Había un medicamento recetado por lo menos durante diez años. El nombre no le resultó familiar así que abrió una nueva pestaña y lo introdujo en el buscador. Vera empezó a sentir dificultad para tragar saliva. Ya no se fabricaba con esa marca pero eran, efectivamente, anticonceptivos.

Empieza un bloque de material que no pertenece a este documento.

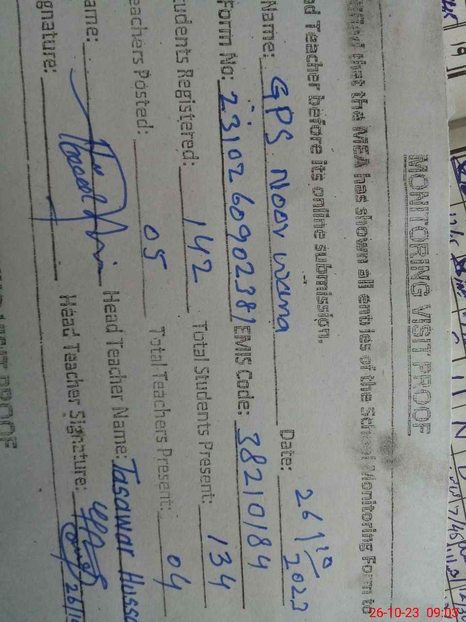 | EMIS Code: 38210184 | Name of School: GPS NOOR WANA | |||

Así que era verdad… Pero por reprobable que pudiera parecerle, no se le ocurría qué efecto secundario de los anticonceptivos podía haber hecho enfermar a Mamá. Tenía que haber otra cosa.

Volvió al informe. Avanzó hasta 2011. Había cantidad de medicinas prescritas ese año. Aún no había tenido tiempo de encajar el primer golpe cuando encontró lo que inconscientemente estaba buscando: Ingreso hospitalario, julio de 2011.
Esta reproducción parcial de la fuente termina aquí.